RAID Level 0 — An implementation of RAID in which data are written in 64 KB 
blocks equally across all disks in the array. 

RAID Level 1 — An implementation of RAID that provides redundancy through disk 
mirroring, in which data from one disk are automatically copied to another disk as the 
information is written. 

RAID Level 3 — An implementation of RAID that uses disk striping for data and parity 
error correction code on a separate parity disk. 

RAID Level 5 — The most popular, highly fault-tolerant, data storage technique in use 
today, RAID Level 5 writes data in small blocks across several disks. At the same time, it 
writes parity error checking information among several disks. 

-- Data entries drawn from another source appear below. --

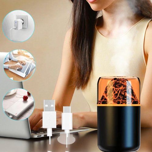 🌋 Przemień swoje wnętrze w oazę spokoju dzięki unikalnemu połączeniu nawilżania, aromaterapii i hipnotyzującego efektu płomienia wulkanu.
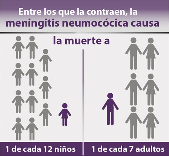 Aproximadamente 1 de cada 12 niños y 1 de cada 7 adultos mayores que contraen la meningitis neumocócica mueren a causa de la infección. Los que la sobreviven pueden presentar problemas a largo plazo, como la pérdida auditiva y retraso del desarrollo.
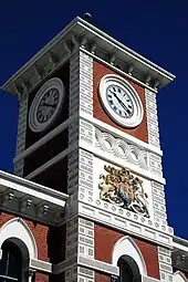 Reputed to be a replica of London's Great Clock of Westminster,[8][28] a working, free standing, four faced turret clock was installed in 1879 within a clock tower.[29] Underneath the east facing clock face is the Royal coat of arms of the United Kingdom.[12] Notable for being unreliable, an electric clock was eventually installed to control the visible faces as slave clocks. While at one time it chimed on the hour and at the quarters,[30] after the mechanisms were damaged in a 1980s fire, the clock became silent.[8]

redundancy — The use of more than one identical component for storing, processing, or 
transporting data. 

Redundant Array of Inexpensive Disks (RAID) — A server redundancy measure 
that uses shared, multiple physical or logical hard disks to ensure data integrity and 
availability. Some RAID designs also increase storage capacity and improve perfor- 
mance. See also disk striping, and disk mirroring. 

sag — See brownout. 

server clustering — A fault-tolerance technique that links multiple servers together to 
act as a single server. In this configuration, clustered servers share processing duties and 
appear as a single server to users. If one server in the cluster fails, the other servers in 
the cluster will automatically take over its data transaction and storage responsibilities. 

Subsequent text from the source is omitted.